Hand back the entries exactly as written, minus every picture.

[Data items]
+ + +

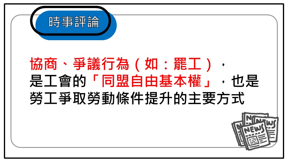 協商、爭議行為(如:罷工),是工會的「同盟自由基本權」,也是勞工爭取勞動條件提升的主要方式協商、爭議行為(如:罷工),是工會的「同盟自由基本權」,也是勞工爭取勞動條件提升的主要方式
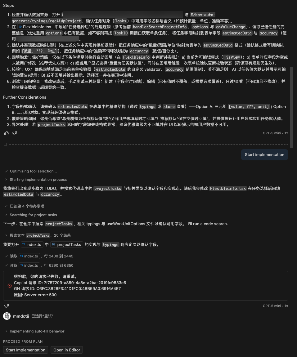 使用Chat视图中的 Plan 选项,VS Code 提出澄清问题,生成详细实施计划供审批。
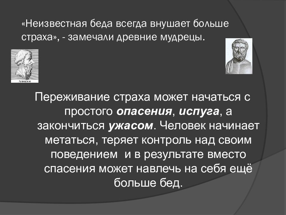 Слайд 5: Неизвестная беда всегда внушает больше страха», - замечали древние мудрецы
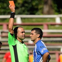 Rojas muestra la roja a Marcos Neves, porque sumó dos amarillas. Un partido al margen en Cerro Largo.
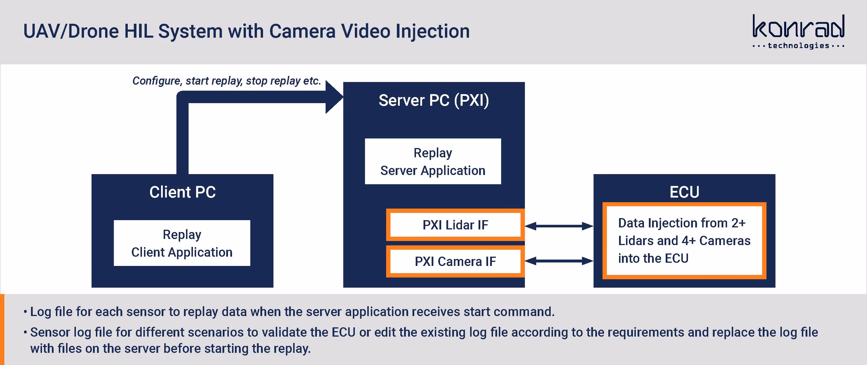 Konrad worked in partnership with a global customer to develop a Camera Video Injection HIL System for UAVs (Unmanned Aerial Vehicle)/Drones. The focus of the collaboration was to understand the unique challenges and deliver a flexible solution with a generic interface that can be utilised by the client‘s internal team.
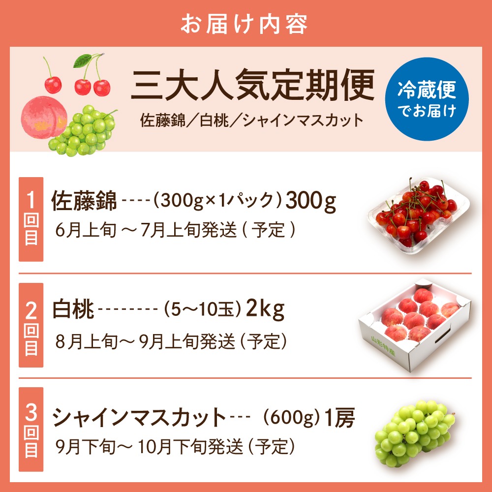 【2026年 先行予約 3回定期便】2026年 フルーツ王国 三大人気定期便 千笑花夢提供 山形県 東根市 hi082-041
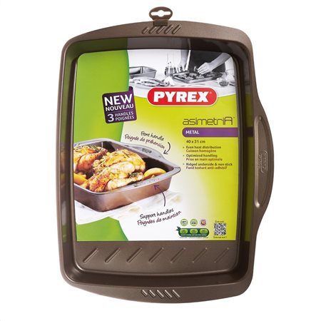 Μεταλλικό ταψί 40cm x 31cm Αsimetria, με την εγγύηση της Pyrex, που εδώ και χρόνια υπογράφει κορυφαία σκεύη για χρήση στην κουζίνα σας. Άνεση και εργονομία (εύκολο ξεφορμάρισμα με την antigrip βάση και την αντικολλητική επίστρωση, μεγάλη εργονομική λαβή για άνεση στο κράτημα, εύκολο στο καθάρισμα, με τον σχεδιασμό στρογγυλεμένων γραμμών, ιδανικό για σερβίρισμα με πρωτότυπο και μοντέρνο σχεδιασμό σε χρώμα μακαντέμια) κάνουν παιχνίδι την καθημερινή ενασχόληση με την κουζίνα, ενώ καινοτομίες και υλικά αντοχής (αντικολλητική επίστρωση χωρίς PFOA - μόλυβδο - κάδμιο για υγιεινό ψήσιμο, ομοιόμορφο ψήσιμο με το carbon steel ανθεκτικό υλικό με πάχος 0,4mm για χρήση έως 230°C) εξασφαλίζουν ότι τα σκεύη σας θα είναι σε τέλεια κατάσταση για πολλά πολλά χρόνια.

+ + +

Task result:
 協商、爭議行為(如:罷工),是工會的「同盟自由基本權」,也是勞工爭取勞動條件提升的主要方式協商、爭議行為(如:罷工),是工會的「同盟自由基本權」,也是勞工爭取勞動條件提升的主要方式
 使用Chat视图中的 Plan 选项,VS Code 提出澄清问题,生成详细实施计划供审批。
 Слайд 5: Неизвестная беда всегда внушает больше страха», - замечали древние мудрецы
 Rojas muestra la roja a Marcos Neves, porque sumó dos amarillas. Un partido al margen en Cerro Largo.
 Konrad worked in partnership with a global customer to develop a Camera Video Injection HIL System for UAVs (Unmanned Aerial Vehicle)/Drones. The focus of the collaboration was to understand the unique challenges and deliver a flexible solution with a generic interface that can be utilised by the client‘s internal team.
 【2026年 先行予約 3回定期便】2026年 フルーツ王国 三大人気定期便 千笑花夢提供 山形県 東根市 hi082-041
 Μεταλλικό ταψί 40cm x 31cm Αsimetria, με την εγγύηση της Pyrex, που εδώ και χρόνια υπογράφει κορυφαία σκεύη για χρήση στην κουζίνα σας. Άνεση και εργονομία (εύκολο ξεφορμάρισμα με την antigrip βάση και την αντικολλητική επίστρωση, μεγάλη εργονομική λαβή για άνεση στο κράτημα, εύκολο στο καθάρισμα, με τον σχεδιασμό στρογγυλεμένων γραμμών, ιδανικό για σερβίρισμα με πρωτότυπο και μοντέρνο σχεδιασμό σε χρώμα μακαντέμια) κάνουν παιχνίδι την καθημερινή ενασχόληση με την κουζίνα, ενώ καινοτομίες και υλικά αντοχής (αντικολλητική επίστρωση χωρίς PFOA - μόλυβδο - κάδμιο για υγιεινό ψήσιμο, ομοιόμορφο ψήσιμο με το carbon steel ανθεκτικό υλικό με πάχος 0,4mm για χρήση έως 230°C) εξασφαλίζουν ότι τα σκεύη σας θα είναι σε τέλεια κατάσταση για πολλά πολλά χρόνια.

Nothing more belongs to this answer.